A ambientalista Jane Goodall é a vencedora deste ano do prestigiado Prémio Templeton, que é atribuído a que trabalha na área da conciliação entre ciência e fé.

Ao longo dos últimos dias a Renascença tem estado a falar com os diferentes bispos de Portugal sobre os efeitos da pandemia no país. Podem ler aqui as reportagens já publicadas.

Conheça a história de Ricardo, que hoje completou uma promessa de ir a pé de Lagos até Fátima, depois de ter recuperado de uma leucemia.

O Papa falou ontem com jovens de vários países que beneficiam do programa de incentivo à integração através do desporto e do futebol e recordou que na bola, como na vida, se esquecemos a gratuidade perdemos o jogo.

Como devem saber tem havido um grande debate entre os bispos dos EUA sobre se o presidente Joe Biden deve poder comungar ou não, sendo um católico que defende aberta e ostensivamente o aborto. O nosso querido Randall Smith faz um paralelo neste artigo com os bispos americanos que teimavam em não condenar abertamente a escravatura. 

Wednesday, 12 May 2021

Especial pré-apocalíptico de liberdade religiosa

Há caos na Terra Santa, uma praga de dimensões pandémicas e o Sporting é campeão, por isso parece-me mais que evidente que o apocalipse está à porta. Uma boa razão para mais um apanhado de Actualidade Religiosa…

Hoje prestamos especial atenção a questões de liberdade religiosa. Temos o caso do capelão de uma escola inglesa que foi denunciado a uma unidade de antiterrorismo por dizer aos seus alunos que podiam questionar a ideologia do género.

Temos ainda o caso da deputada e ex-ministra finlandesa que vai ser julgada por ter questionado o facto da sua igreja ter patrocinado uma marcha gay.

E na Suíça um tribunal deu razão a um médico que se queixou da suspensão do culto público, decretando que viola a liberdade religiosa dos cidadãos.

Liberdade Religiosa é coisa que escasseia na Índia e as ONG e especialistas esperam que a União Europeia pressione o primeiro-ministro Modi sobre o assunto.

Por falar em União Europeia, foi finalmente nomeado o novo enviado especial para a liberdade religiosa fora da UE. É um cipriota (na foto) e os bispos europeus já saudaram a escolha.

No programa Aura Miguel Convida da semana passada ficámos a conhecer Luís de Sousa Coutinho, um aristocrata que se apaixonou por Cristo e se tornou eremita, inspirado pelo (em breve) santo Charles Foucauld.
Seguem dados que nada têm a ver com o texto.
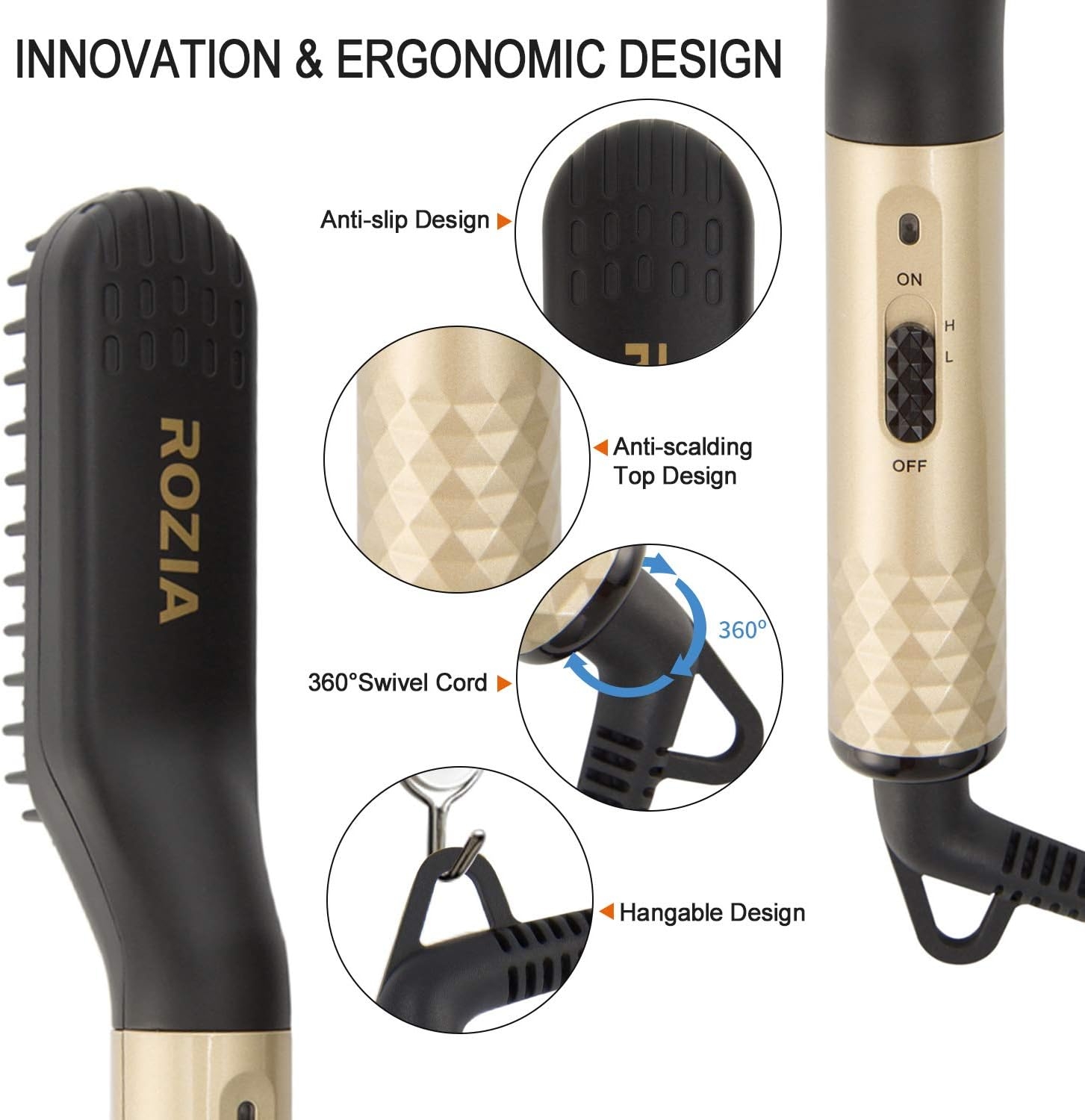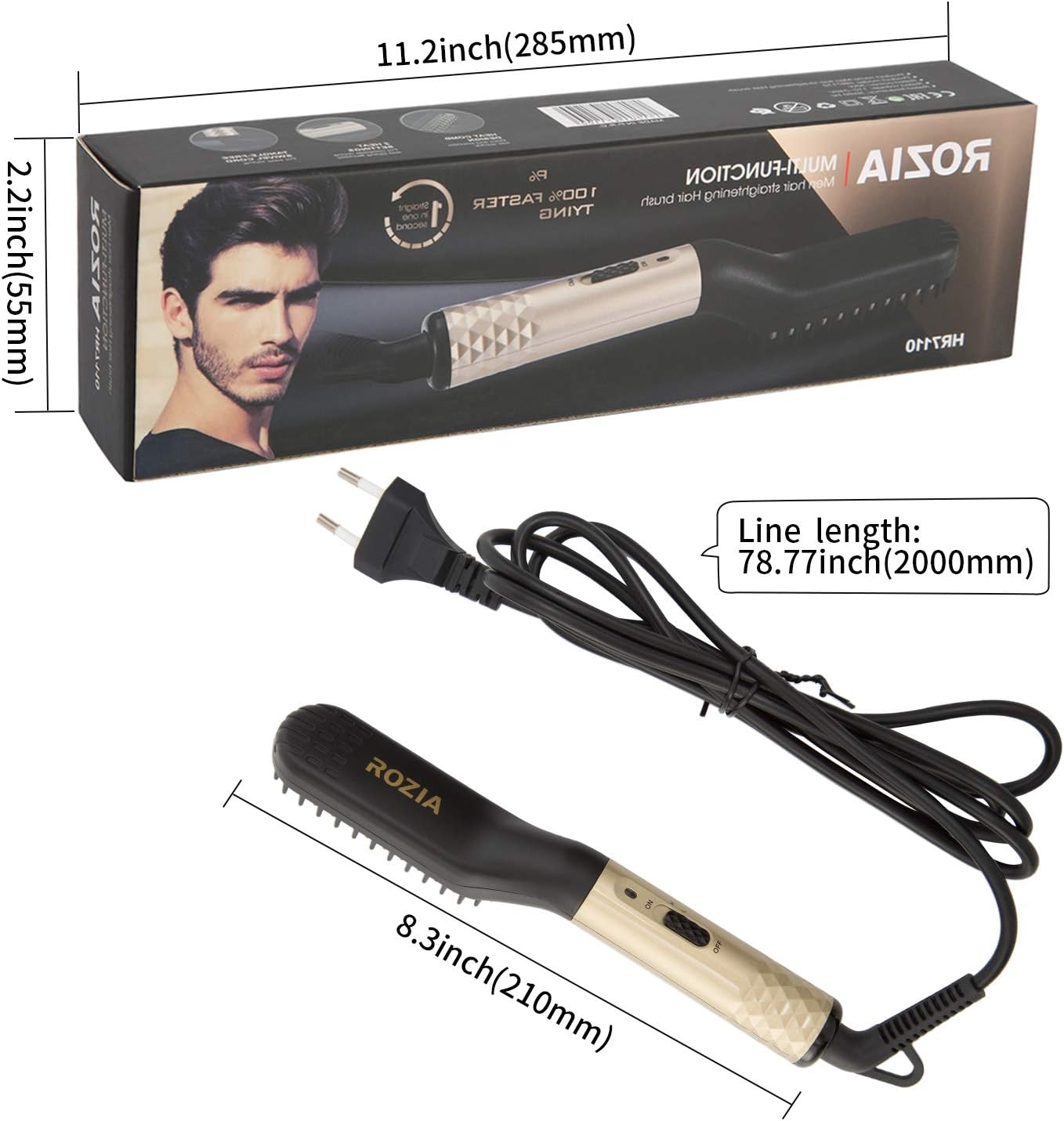 Rozia HR7110 Brosse lissante pour barbe et cheveux professionnel multifonctionnel pour hommes Lisseur de barbe thermo-ionique

Por fim, temos dois novos artigos do The Catholic Thing no blog. No primeiro podem ler o testemunho comovente de uma mulher que foi levar a comunhão a um lar de idosos a pessoas que não comungavam há mais de um ano e no segundo ficam a conhecer H. H. Weiler, um académico judeu que tem uma teoria interessantíssima sobre o julgamento de Jesus.